→ **Exercise objective**: Output only the lines below from the one holding "Applying colour coating to shoes" down to the one holding "21/06/2024 - The", both end lines included and every picture dropped.

→ **Extracted entries**:
==*==

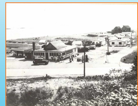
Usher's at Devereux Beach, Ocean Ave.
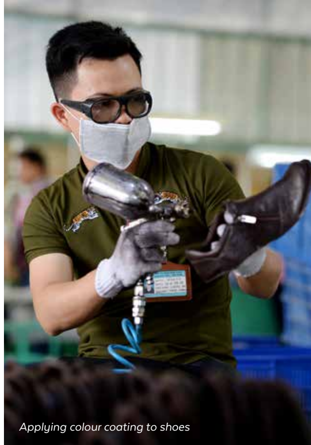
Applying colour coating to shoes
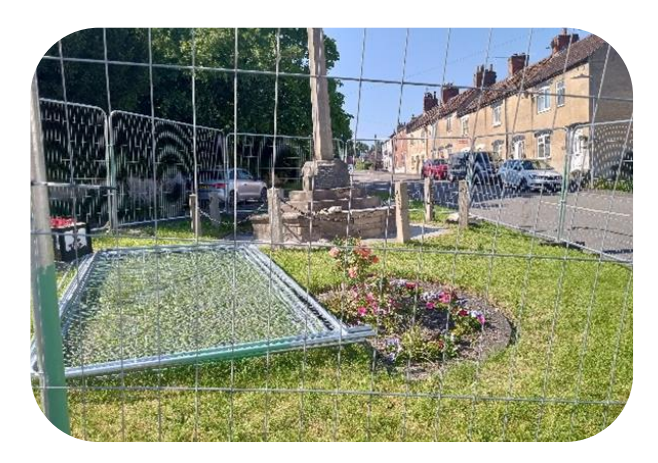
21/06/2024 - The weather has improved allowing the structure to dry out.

==*==

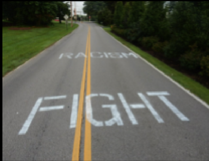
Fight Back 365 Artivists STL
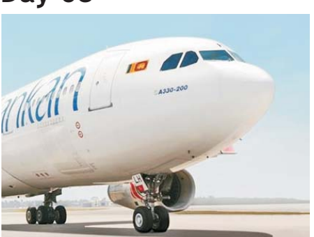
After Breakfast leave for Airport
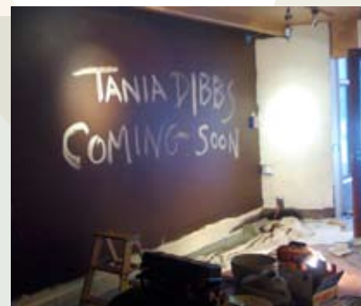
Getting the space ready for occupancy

==*==

→ **Output for this task**:
Applying colour coating to shoes
21/06/2024 - The weather has improved allowing the structure to dry out.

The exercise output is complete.